# What FIlter Media in Fluval FX5 for New 125g?



## WaWaZat

Hoping to get a step-by-step media formula and maintenance schedule for my newly filled 125g. I will be stocking with Oscars and other big guys and am running a Fluval FX5 by itself... for now. I have a couple old Magnum 330s that I can supplement with if necessary as the babies grow up.

So I'm really confused about what type of media to use in the Fuv and how to maintain it. Along with the canister came the following Fluval media;
Carbon
Pre-Filter
Ammonia Remover
Water Polishing Pads

Should I utilize any of this now or in the future? I am also running silica sand as a substrate so should I use something on the intake tube or position the intake a certain height above the sand?


----------



## smitty

In my FX5 I use the recommended sponges for the outer edges since they are cut to the design of the basket. But i sue the Eheim media for the inner baskets.


----------



## DrgRcr

In mine I use ehfimech in the top, ehfisubstrat in the middle with a custom cut sponge to fit the basket, and ehfisubstrat in the bottom. Along with the provided outer circumference sponges.


----------



## rgr4475

Skip the carbon and ammonia remover. Don't need them at all. The only time you would need carbon is to remove medications that you may have used in your tank. And your benificial bacteria removes the ammonia, it doesn't need any help. Only time you would use ammonia remover is if you had an big ammonia spike for some reason in a cycled tank and risked loosing your fish. I obviously run the sponges on the outer ring. Inside I run Ceramic noodles as my bio media on the two bottom trays. On the top tray I use Filter floss (Pillow stuffing). And thats it! I found the polishing pads clog up way too quickly and aren't worth it for the price. My intake is about 4-6 inches above my substrate with no problems. So keep it simple. Great filter.


----------



## WaWaZat

rgr4475 said:


> Skip the carbon and ammonia remover. Don't need them at all. The only time you would need carbon is to remove medications that you may have used in your tank. And your benificial bacteria removes the ammonia, it doesn't need any help. Only time you would use ammonia remover is if you had an big ammonia spike for some reason in a cycled tank and risked loosing your fish. I obviously run the sponges on the outer ring.
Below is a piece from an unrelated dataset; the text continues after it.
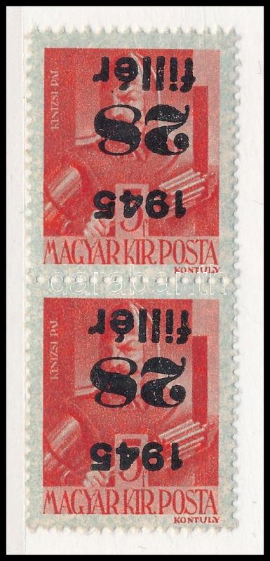 Kisegítő 28f/5f pár fordított felülnyomattal / Mi 784 pair with inverted overprint Signed: Leitold (Image)(Image 1)

Inside I run Ceramic noodles as my bio media on the two bottom trays. On the top tray I use Filter floss (Pillow stuffing). And thats it! I found the polishing pads clog up way too quickly and aren't worth it for the price. My intake is about 4-6 inches above my substrate with no problems. So keep it simple. Great filter.


Appreciate the guidance! So are the outer sponges doing all the mechanical filtration... or is that what the Filter Floss is doing as well? Would I need more than this for messy Oscars, plecos and other large stock? If so, what would I use? What about the Fluval Pre-Filter media I have? Can this serve a dual purpose as mechanical & bio? http://www.entirelypets.com/fluvalp...-9C63-DF11-9DA0-002219319097&mr:referralID=NA

Is the Fluval BioMax the stuff to use for bio or is there a better/more cost effective option?; http://www.fosterandsmithaquatics.com/product/prod_display.cfm?pcatid=15433

So is pillow stuffing doing the job as well as filter floss? Is it a less expensive option? Is there a certain type to look for and where's a good place to source it?

Should I run anything on my intake tube?... I am using silica sand as a substrate.

And finally, how do I determine and what do I need to do for maintenance on each of the media types?


----------



## wlyons9856

I use BioMax cermaic rings on my bottom two baskets, my top basket consists of Purigen.


----------



## rgr4475

WaWaZat said:


> rgr4475 said:
> 
> 
> 
> Skip the carbon and ammonia remover. Don't need them at all. The only time you would need carbon is to remove medications that you may have used in your tank. And your benificial bacteria removes the ammonia, it doesn't need any help. Only time you would use ammonia remover is if you had an big ammonia spike for some reason in a cycled tank and risked loosing your fish. I obviously run the sponges on the outer ring. Inside I run Ceramic noodles as my bio media on the two bottom trays. On the top tray I use Filter floss (Pillow stuffing). And thats it! I found the polishing pads clog up way too quickly and aren't worth it for the price. My intake is about 4-6 inches above my substrate with no problems. So keep it simple. Great filter.
> 
> 
> 
> Appreciate the guidance! So are the outer sponges doing all the mechanical filtration... or is that what the Filter Floss is doing as well? Would I need more than this for messy Oscars, plecos and other large stock? If so, what would I use? What about the Fluval Pre-Filter media I have? Can this serve a dual purpose as mechanical & bio? http://www.entirelypets.com/fluvalp...-9C63-DF11-9DA0-002219319097&mr:referralID=NA
> 
> Is the Fluval BioMax the stuff to use for bio or is there a better/more cost effective option?; http://www.fosterandsmithaquatics.com/product/prod_display.cfm?pcatid=15433
> 
> So is pillow stuffing doing the job as well as filter floss? Is it a less expensive option? Is there a certain type to look for and where's a good place to source it?
> 
> Should I run anything on my intake tube?... I am using silica sand as a substrate.
> 
> And finally, how do I determine and what do I need to do for maintenance on each of the media types?
Click to expand...

I've never used the pre filter media so I really can't comment on it. The outer sponges are doing most of the mechanical filtration. The filter floss is for water polishing to pick up very fine particles that the sponges miss. The pillow stuffing does just as well as the filter floss, it's just not cut. I buy big bags at Walmart for about $3.00. I don't think you will need anything more for now but when they get older you may want to add more filtration. I am a believer of over filtration. For me it makes my cleanings easier because the waste is pretty evenly distributed.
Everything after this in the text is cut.